*What to work on*
The line containing "Hands on Hearts" marks the start. Restate it and every following line through the end of the records exactly, and nothing else, leaving out the pictures.

(Saved entries)
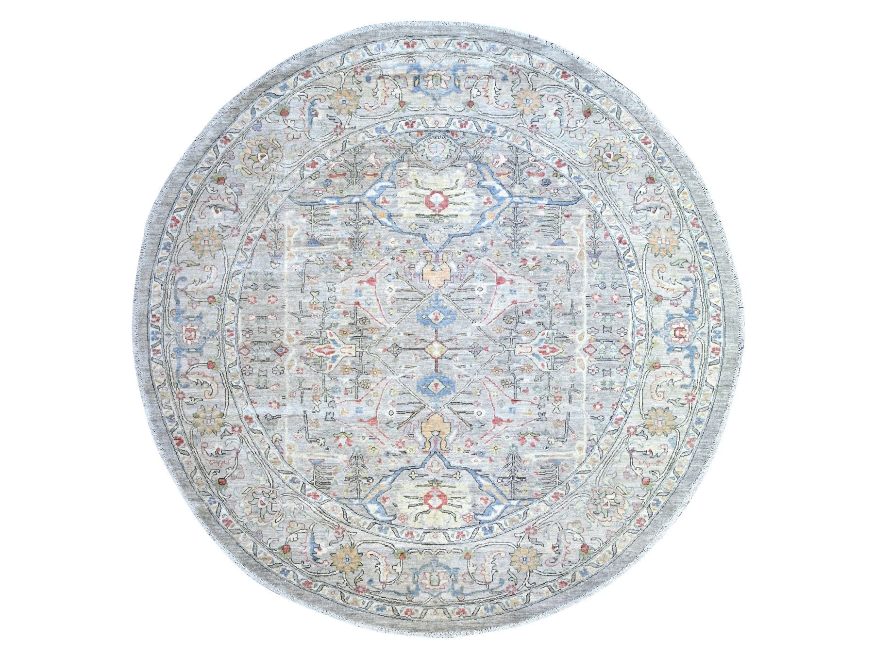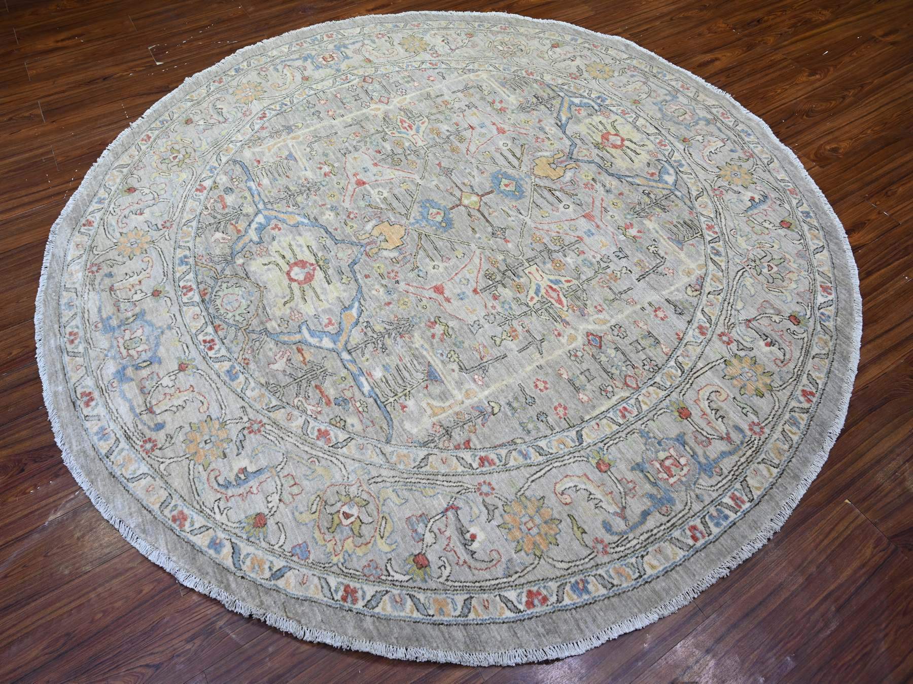 8'0" x 8'0" New Hand Knotted Grey Wool Round Oriental Rug - MOA10274820
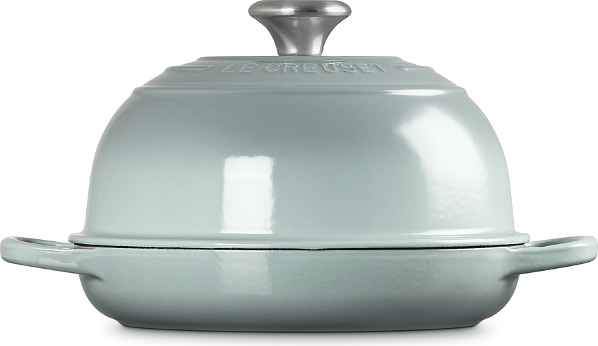 - La tapa garantiza que el vapor se mantenga dentro del molde, creando el ambiente perfecto para un pan crujiente por fuera y tierno por dentro. El asa es resistente al calor hasta 260 °C y lo suficientemente práctica como para agarrarla fácilmente con un guante de cocina.
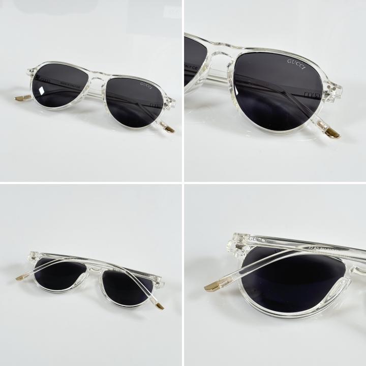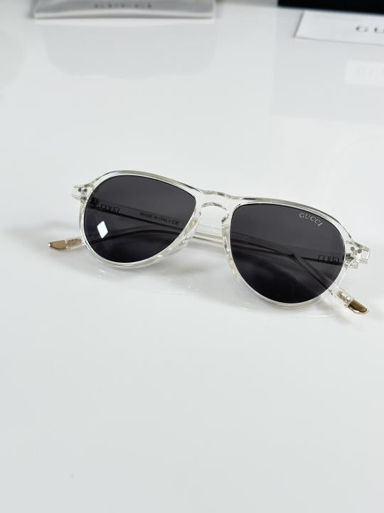 The Pre-Fall 2025 eyewear collection blends statement silhouettes from the archives with a contemporary touch. These oval frame sunglasses are stated in light ruthenium metal with a cut-out Gucci logo detail.
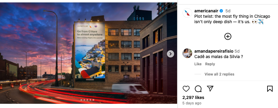 Aside from rejecting the reallocation of gates, American is also taking a stab back at United — but without calling the carrier out by name. In a recent Instagram post of its own, the airline is touting why travelers should choose it from Chicago.
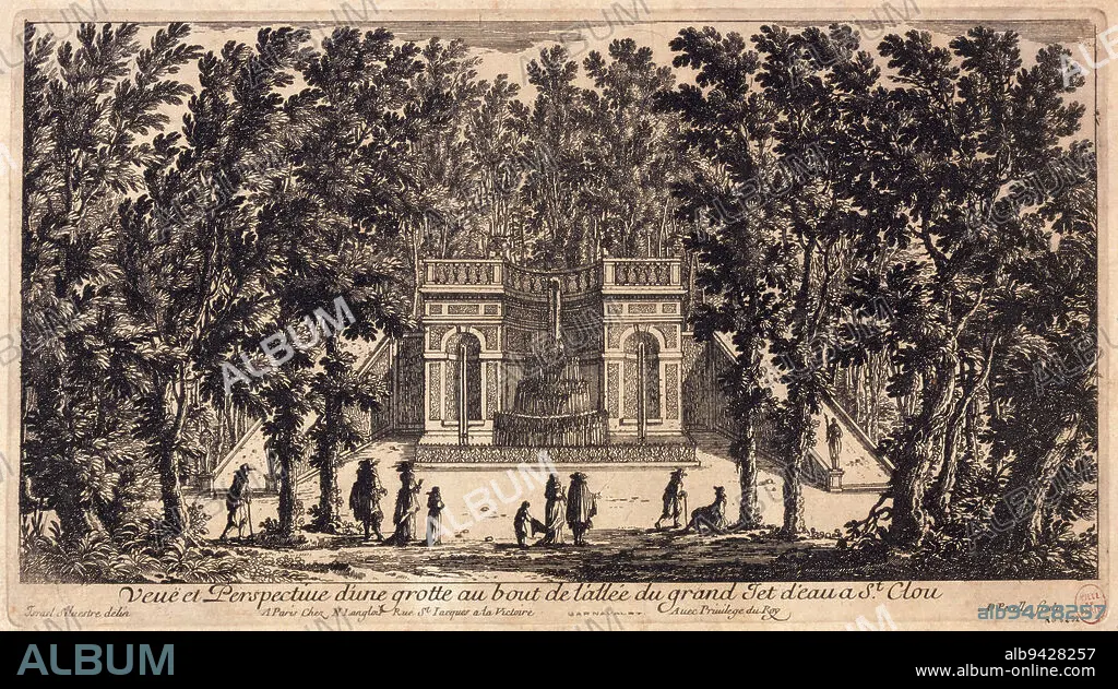 Veuë et Perspective d'une grotte au bout de l'allée du grand Jet d'eau a St. Clou, Pérelle, Adam, Graveur, Silvestre, Israël, Dessinateur, Langlois, Nicolas 1er, Editeur, Vers 1660, 3rd quarter of the 17th century, Graphic arts, Paris, Paris, Paris, Height: 14.3 cm, Width: 25.7 cm.
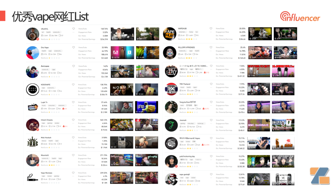 电子烟行业优秀网红推荐list
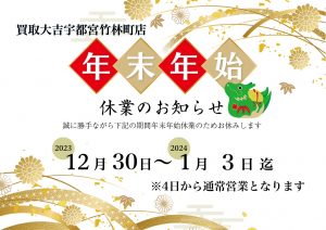 年末年始休業のお知らせ | 宇都宮竹林町店
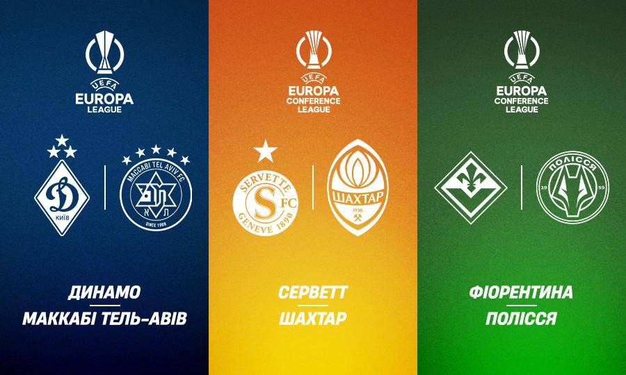 Первыми на поле выйдут "Динамо" и "Полесье". Начало их матчей с израильским «Маккаби» (Тель-Авив) и итальянской «Фиорентиной» соответственно – 21:00 по киевскому времени. Трансляция из польского Люблина – на «2+2», из Флоренции – на «Киевстар ТВ».
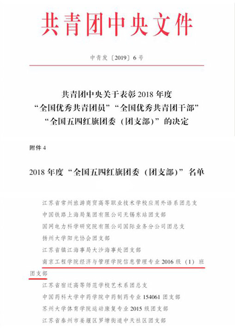 全国“两红两优”是共青团中央授予团员、团干部和基层团组织的最高荣誉。信管161团支部不断夯实团基,强化团支部建设,通过主题团日活动、“感动信管人物”评选、科技创新等活动引导广大团员青年成长成才。该团支部在2018年先后获得团中央全国高校活力团支部、江苏团省委活力团支部、江苏省“五四红旗团支部”等荣誉称号。
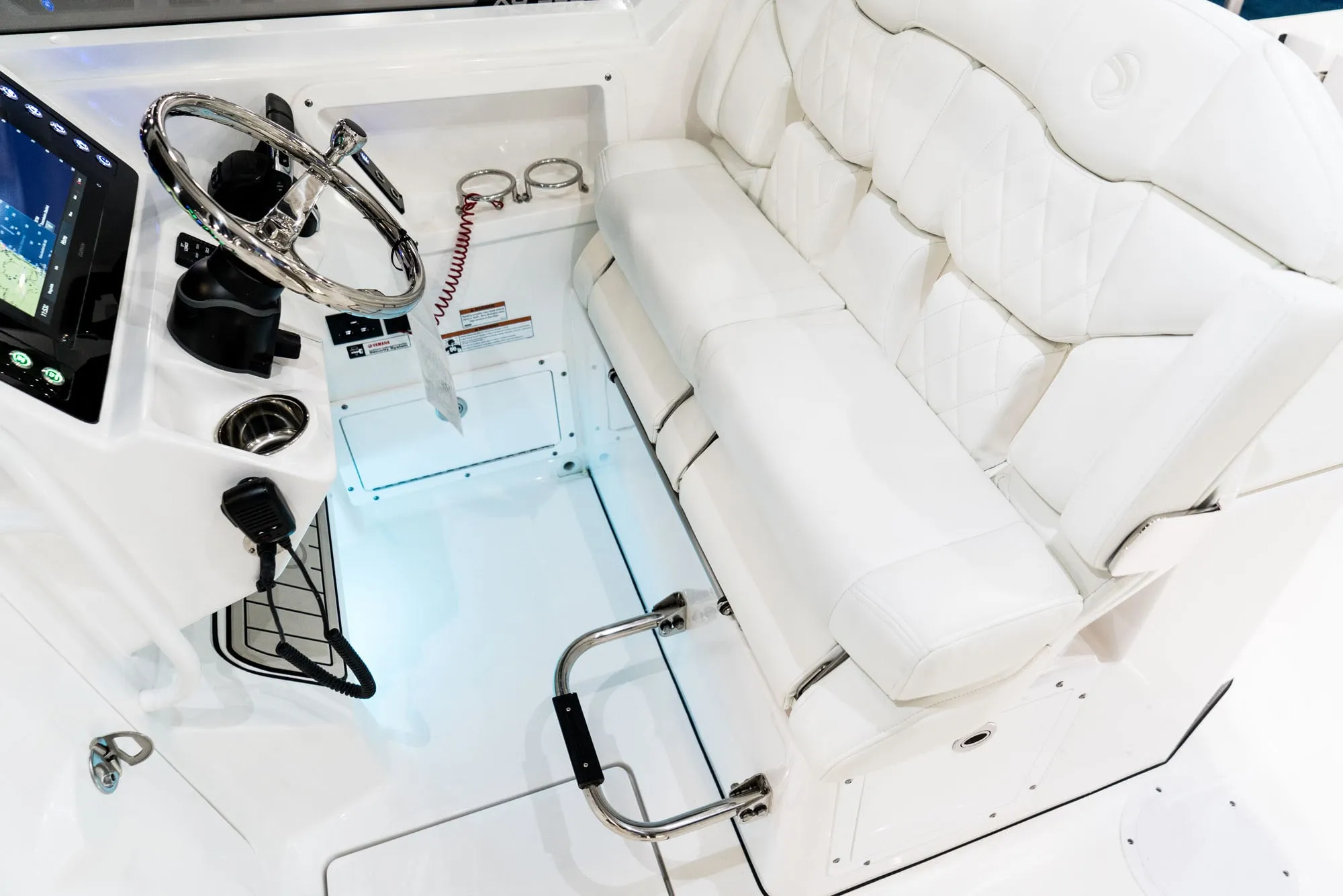 Le comode poltrone del capitano, il poggiapiedi pieghevole, i portabicchieri in acciaio inox disposti in ogni direzione e l’illuminazione a LED trasformano questa zona di comando in un’elegante zona di guida.
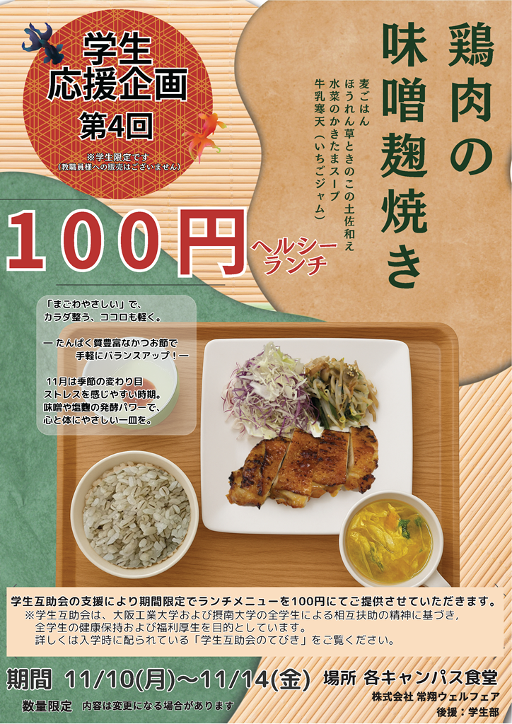 11月10日から14日まで3キャンパスの食堂で、学生限定で100円ランチを提供します。
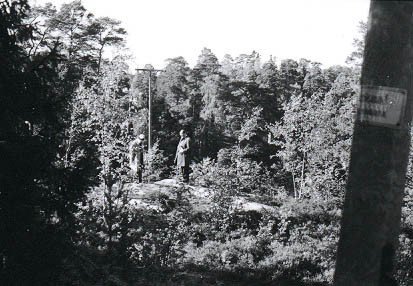 | Kaksi miestä kalliolla Jollaksessa. Taustalla Jollaksen kartanon rakenuksia, oikealle avautuu Saunalahti. Kuva otettu Villinginsalmentieltä. | |
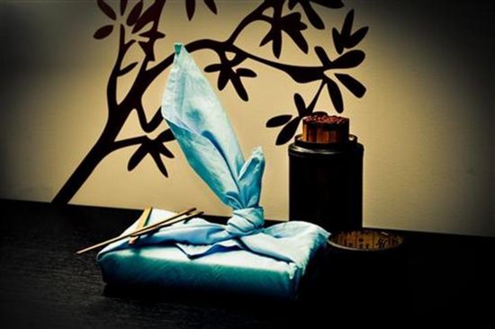 «Furoshiki é uma arte de embalagem em tecido. Um quadrado de tecido de algodão ou de seda é utilizado inúmeras vezes para embrulhar e/ou transportar roupas e presentes. Pode ser liso ou pintado, pequeno ou maior, adaptando-se às necessidades de quem utiliza esta técnica. Texto: Hands on Hearts
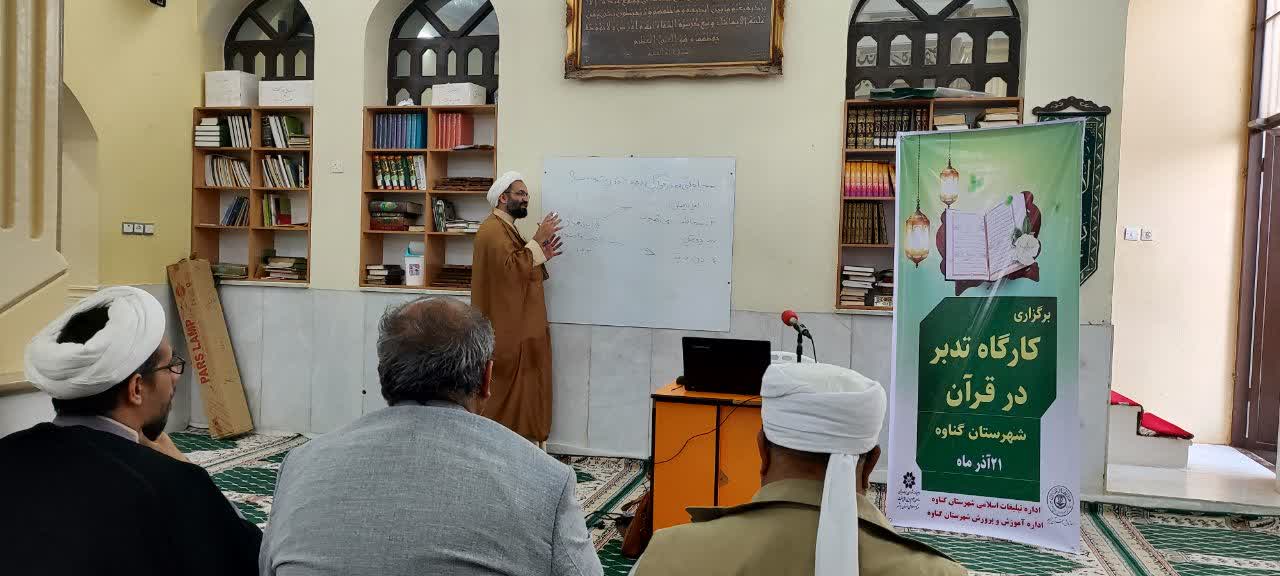 به همت امور قرآنی تبلیغات اسلامی شهرستان گناوه کارگاه تدبر در قرآن ویژه جامعه نخبگانی اهل سنت شهرستان برگزار شد.

*Reply to the task*
 «Furoshiki é uma arte de embalagem em tecido. Um quadrado de tecido de algodão ou de seda é utilizado inúmeras vezes para embrulhar e/ou transportar roupas e presentes. Pode ser liso ou pintado, pequeno ou maior, adaptando-se às necessidades de quem utiliza esta técnica. Texto: Hands on Hearts
 به همت امور قرآنی تبلیغات اسلامی شهرستان گناوه کارگاه تدبر در قرآن ویژه جامعه نخبگانی اهل سنت شهرستان برگزار شد.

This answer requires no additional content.